In the end, the size of the major groups (Hispanics and the major races) are not changed much. Here’s the summary:

betterhispanic

In fact, the only major group that will shrink is probably the non-group “multiracial” population, which today is dominated by Hispanics choosing White and “some other race.”

It’s really just better data. It’s not a conspiracy. It’s not eliminating the White race or discouraging assimilation of Hispanics. In short, keep calm and collect better data. We can fight about all that other stuff, too.

I’m sure Gonzalez doesn’t really think this will “eliminate Hispanics’ racial choices.” He’s dog-whistling to people who think the government is trying to reduce the number of Whites by not letting Hispanics be White. His statements are factually incorrect and the Washington Post shouldn’t have printed them. (I don’t know how the Post does Op-Eds; when I wrote one for the NY Times it was pretty thoroughly fact-checked.)

MENA

The Migration Policy Institute estimates there are about 2 million MENAs in the U.S. now, about half of them immigrants. This is a pretty small population, mostly Arab-speaking immigrants and their descendants, and more Christian (relative to Muslim) than the countries they left. This is especially true of the more recent immigrants, which don’t include a lot of Iranians (who aren’t Arab).

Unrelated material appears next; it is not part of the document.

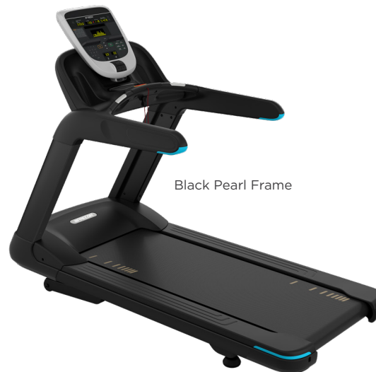
Black Pearl Frame

Refined colorways with dark Tungsten covers and two frame color options.
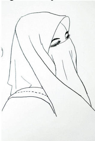
Figure 3: Niqab

http://islamicartdb.com/wp-content/uploads/2012/11/niqab-line-drawing.jpg

Census could have instead defined them by linguistic origin (Arab), and captured most, but they instead are going with country of origin, which is consistent with how the other race/ethnic groups are identified (for better or worse). Their testing showed that this measure captures most people with MENA ancestry, encourages them to identify their ancestry, cuts down on them identifying as White, and cuts down on them using “some other race.”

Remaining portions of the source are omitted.